In 2023, the Climate Commitment Act took effect, pushing the state’s largest polluters toward a carbon neutral path.

Also, that year, the Clean Fuel Standard launched, which aims to curb transportation pollution, the largest emissions sector. The law requires fuel companies to gradually switch to cleaner alternatives like biofuels, to buy credits against low-carbon fuel options, including electric vehicle chargers, or to improve fuel production efficiency.

At the end of 2025, the state’s no coal policy, a part of the Clean Energy Transformation Act, kicked in, though there has been pressure from the federal government to keep Washington’s last remaining coal plant open. Coal pollutes more than any other major fossil fuel.

“We have made really significant steps,” said Leah Missik, Washington legislative director for Climate Solutions. “But to meet our targets, we really need to do more.”

State law requires emissions to be at roughly 51 million metric tons by 2030, the equivalent of 45% below 1990 levels.

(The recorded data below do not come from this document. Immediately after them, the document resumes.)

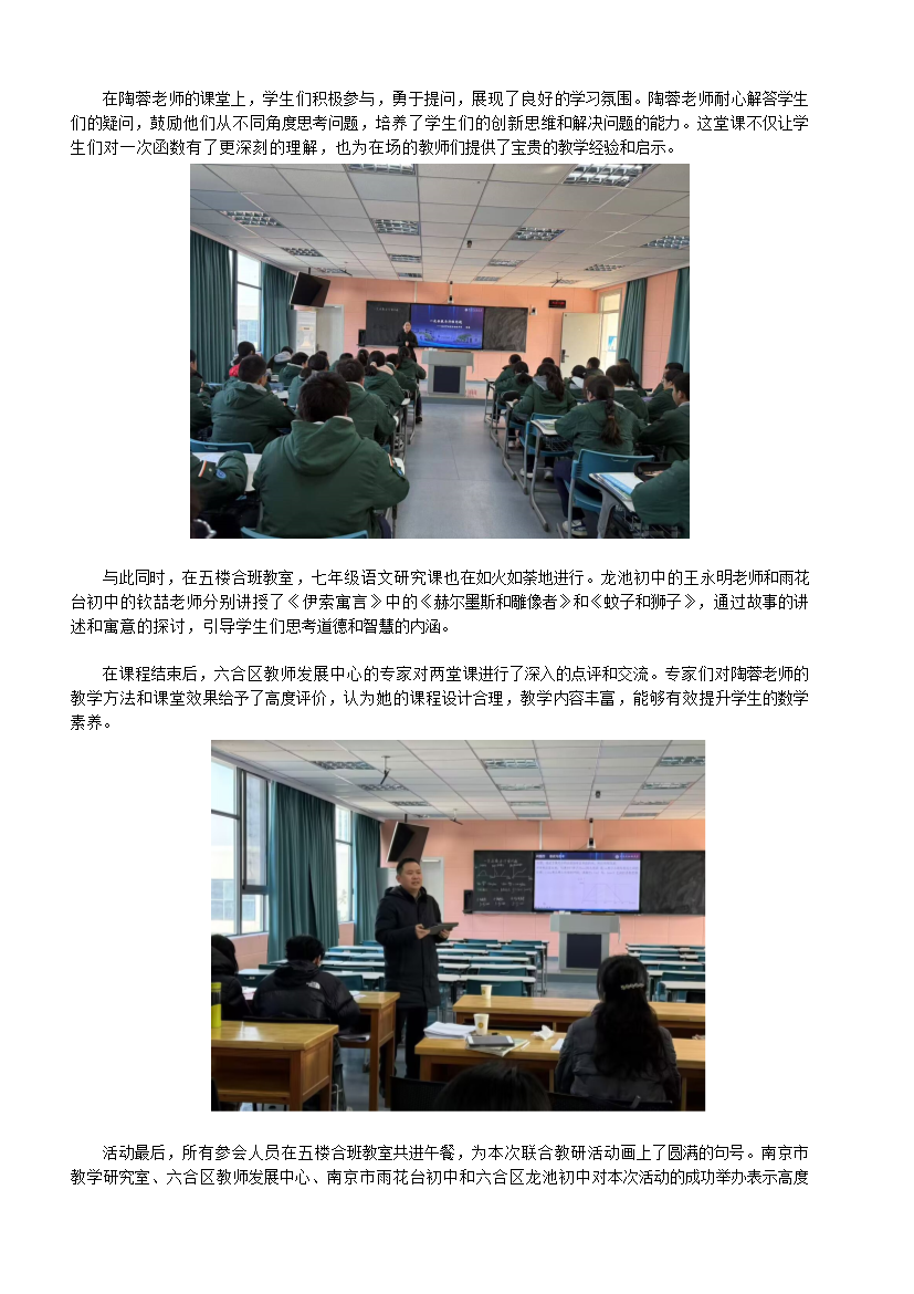 南京市雨花台初中与六合区龙池初中联合教研活动成功举办
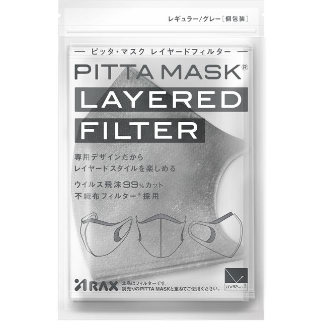 株式会社アラクス(本社:名古屋市、代表取締役社長 荒川愼太郎)は、顔型に密着して息がしやすいマスク「PITTA MASK」シリーズから、PITTA MASK専用デザインのレイヤードスタイルが楽しめる取り替えフィルター「PITTA MASK LAYERED FILTER REGULAR GRAY」と「PITTA MASK LAYERED FILTER SMALL GRAY」の2アイテムを2022 年11月30日に発売いたしました。
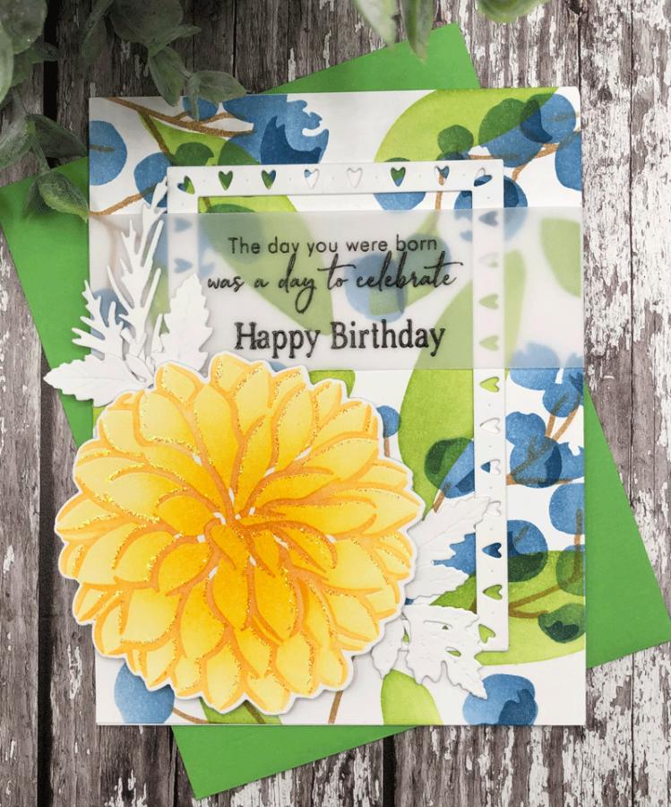 Dahlias:3 1/4”2 1/2”1 3/4”Coordinates With: Dahlias Stamp Set + Stencil and Posies & Sprigs Stamp Set

The state needs to make smart investments that reduce emissions and boost affordability, Missik said, pointing to dollars raised from the Climate Commitment Act.

In the two years since the Climate Commitment Act took effect, Washington generated over $4 billion from the state’s biggest polluters paying for their own carbon emissions.

More than $1.5 billion of the revenue has been invested in over 3,600 projects across 37 state agencies, according to Ecology.

Myers argues that the state isn’t prioritizing investments in projects that actually reduce carbon emissions.

“A lot went to expanding government, not actually delivering reductions,” he said.

Lag with reporting

The 2022 data release in 2026 is due to a lag in federal data, according to the Department of Ecology. The agency is developing in-state sources to supplement that data in an effort to produce more timely reports.

An early forecast shows that emissions likely declined in 2023 and 2024 because of continued growth in renewable energy.

Instead of publishing statewide emissions reports every two years, the agency will now release them annually. The next report is expected in December.